Maritime Affairs and Investment Coordinating Minister Luhut Panjaitan disclosed in an interview with Asia Times that the deal is expected to be signed before next March. “We are happy with the agreement,” he said, “but the two sides are still in detailed discussions.”
Up to now, the choices have been to either expand Mitsubishi’s existing copper smelter at Gresik, East Java, build a new and much more costly smelter at a nearby industrial estate or shift the whole project to Halmahera as part of an integrated smelting hub.

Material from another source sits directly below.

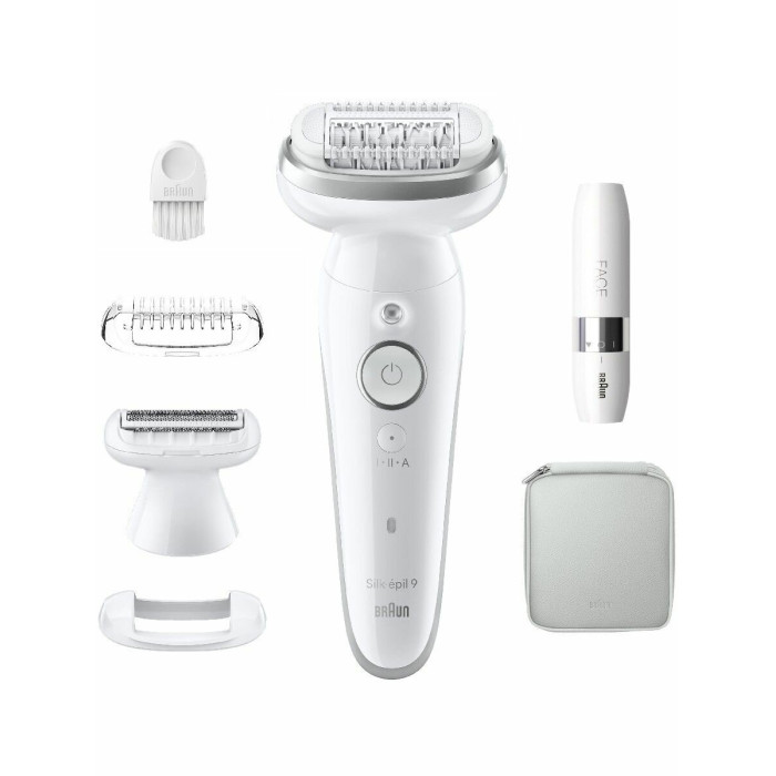 Эпилятор, документация, чехол, щеточка, зарядное устройство, мини-триммер, насадка-бритва, насадка-триммер, насадка для плотного контакта с кожей

Panjaitan and other sources familiar with the deal say Tsingshan has agreed to complete the smelter within 18 months, leaving Freeport to build a $250 million extension to the Mitsubishi plant in what could be seen as a token gesture of its commitment to the in-country processing of all of its ore.
Mitsubishi and Freeport signed an agreement on November 13 to add 300,000 tons to the current facility’s one million ton capacity, but the sources say Freeport is still ready, however reluctantly, to build a new smelter if the Tsingshan deal falls through.

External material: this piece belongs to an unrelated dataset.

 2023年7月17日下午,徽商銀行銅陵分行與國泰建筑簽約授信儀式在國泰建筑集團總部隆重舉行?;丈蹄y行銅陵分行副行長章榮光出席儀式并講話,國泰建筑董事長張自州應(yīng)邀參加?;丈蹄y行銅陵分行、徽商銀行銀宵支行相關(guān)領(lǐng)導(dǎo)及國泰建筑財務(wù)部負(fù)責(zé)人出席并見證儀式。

The company is also committed to the construction of a precious metal refinery on the same site now that its export license has expired for so-called anode slime, the sediment rich in gold, silver, selenium and tellurium left over from the smelting process
Confusion had reigned over the smelter issue for the past two years, with senior bureaucrats and politicians seemingly at variance on where it should be located. Once the Tsingshan deal is concluded, it will still need government approval.

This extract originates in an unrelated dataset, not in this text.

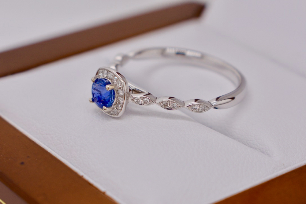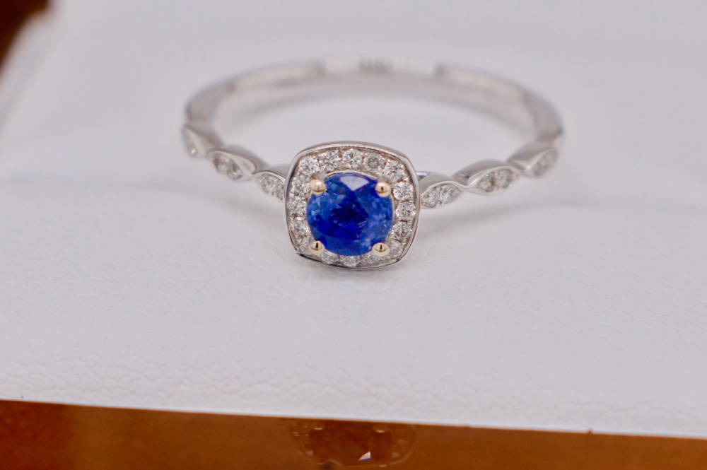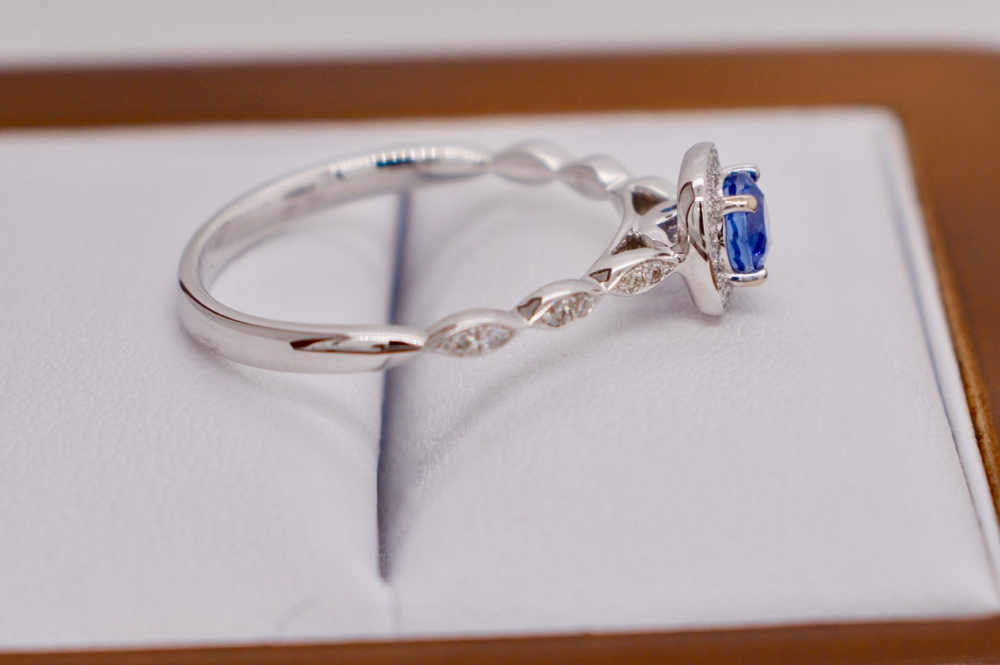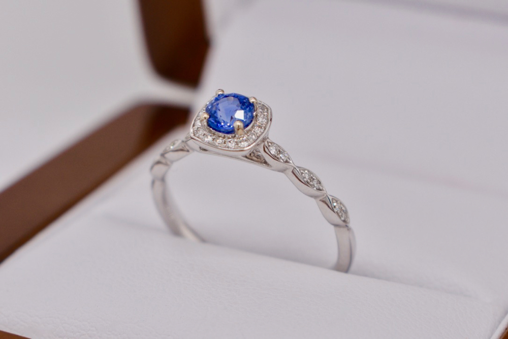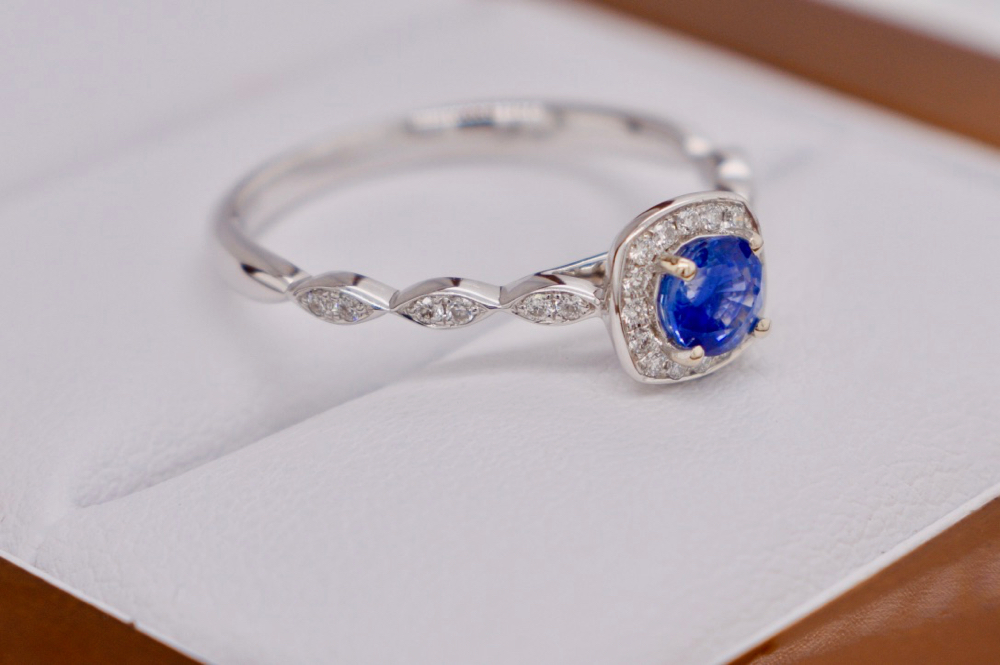 A 0.45ct light blue Ceylon sapphire set in the center of this 18ct white gold antique inspired cushion shape halo with grain set diamonds, a mill grain border and shoulders of grain set round diamonds in marquise shape bezels. Total diamond content equals 0.11ct (GH/SI), this ring is designed to sit perfectly with a wedding band. Finger size M1/2. Independent Valuation Supplied

As late as last week, Mines and Energy Minister Arifin Tasrif was continuing to dance around the subject. “The important thing for the government is that copper concentrate processing takes place in the country,” he said, without offering any further explanation.
Panjaitan has been the main proponent of the move to nickel-rich Halmahera, taking Freeport and the Indonesian mining community completely unawares last June by revealing that President Joko Widodo had already agreed to the plan.
He is also the prime mover behind a planned electric vehicle industry, with South Korea carmaker Hyundai as an initial $1.5 billion investor and LG Chemical interested in building a lithium battery plant on the same site near Jakarta.
With Tsingshan also planning to complete a lithium battery factory at Weda Bay by 2023, the new copper smelter will provide it with the sulphuric acid needed to produce low-grade ferronickel for the stainless steel market and also to recover cobalt from spent lithium batteries.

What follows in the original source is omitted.